DATASET CONTENT:
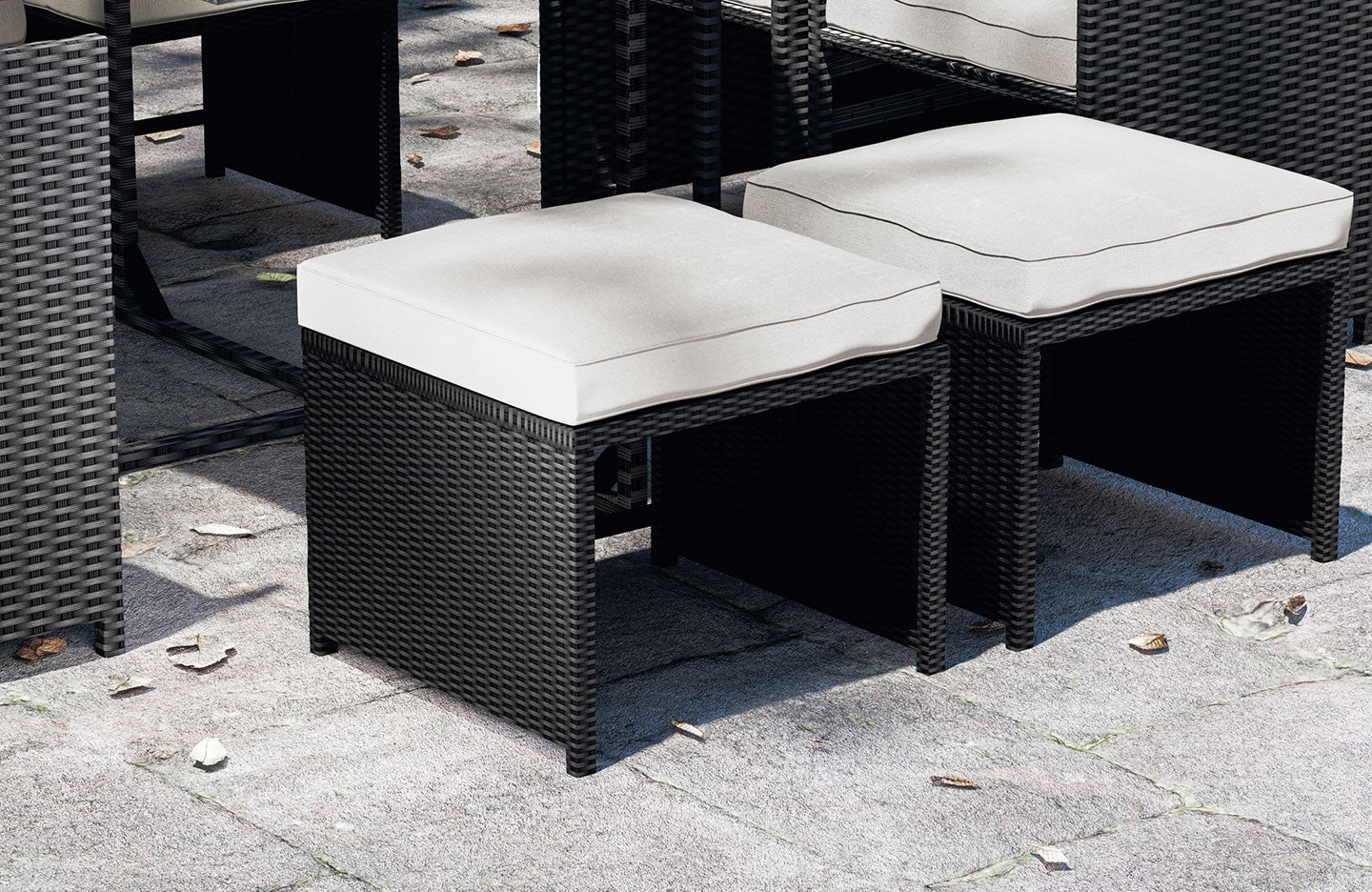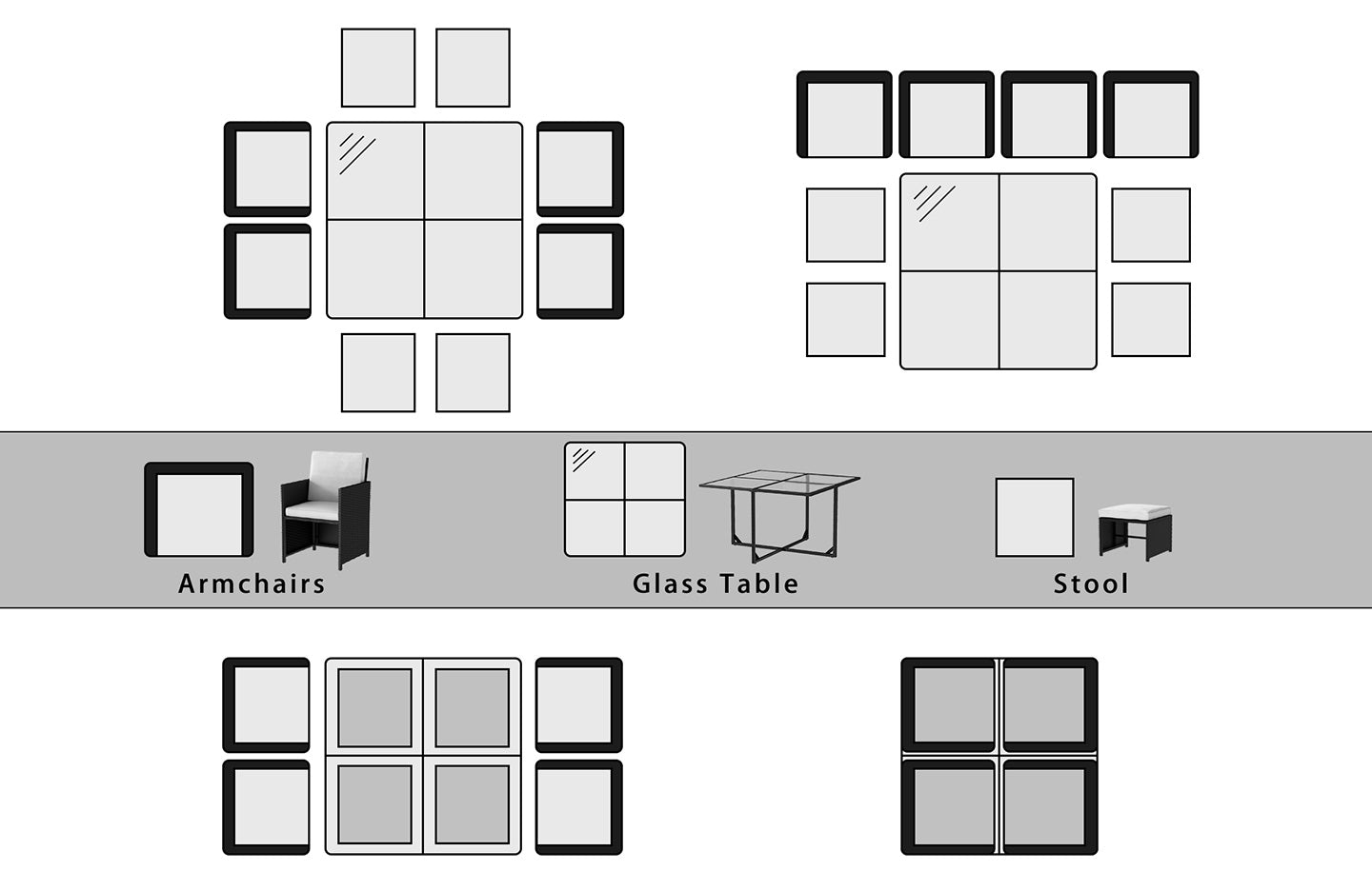 - Package Includes: 1x Table, 4x Chairs, 4x Footstools, 4x Tempered Glass, 8x Seat Cushions, 4x Back Cushions
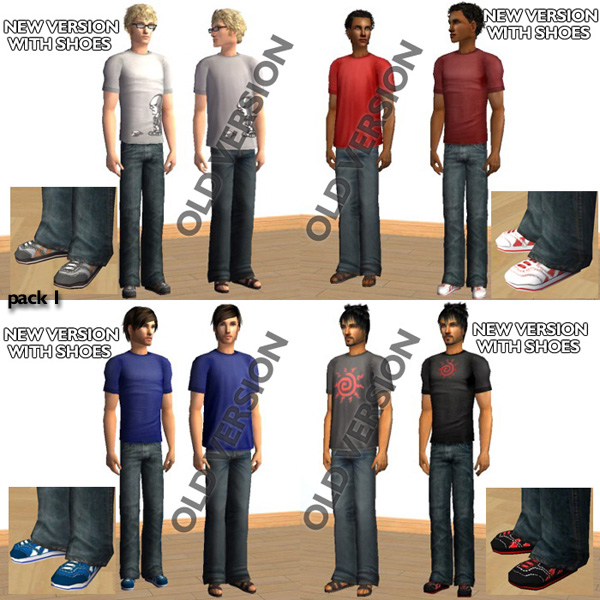 After seeing that a person can actually replace the maxis clothes from the awesome job that Hysterical Paroxysm did here, I was inspired to make my own. So here they are: A full replacement of all 14 of the Maxis jeans and t-shirt/sandal combo. This is a completely new mesh. I always found the original to be a little dumpy and frumpy so I sexied it up a bit. Tighter shirt and such. The jeans are also slightly more form-fitting. Not crazy tight but they are no longer JNCO-style. Obviously It also has tennis shoes instead of sandals.
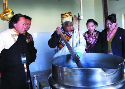 該遺產(chǎn)項目代表性傳承人明珠(左)指導瀧沐覺堪(制藥師)煎熬“五味甘露”。關(guān)確才讓 攝

ACTIVITY: From the data above, write out everything exactly except the pictures.

RESPONSE BELOW:
 - Package Includes: 1x Table, 4x Chairs, 4x Footstools, 4x Tempered Glass, 8x Seat Cushions, 4x Back Cushions
 After seeing that a person can actually replace the maxis clothes from the awesome job that Hysterical Paroxysm did here, I was inspired to make my own. So here they are: A full replacement of all 14 of the Maxis jeans and t-shirt/sandal combo. This is a completely new mesh. I always found the original to be a little dumpy and frumpy so I sexied it up a bit. Tighter shirt and such. The jeans are also slightly more form-fitting. Not crazy tight but they are no longer JNCO-style. Obviously It also has tennis shoes instead of sandals.
 該遺產(chǎn)項目代表性傳承人明珠(左)指導瀧沐覺堪(制藥師)煎熬“五味甘露”。關(guān)確才讓 攝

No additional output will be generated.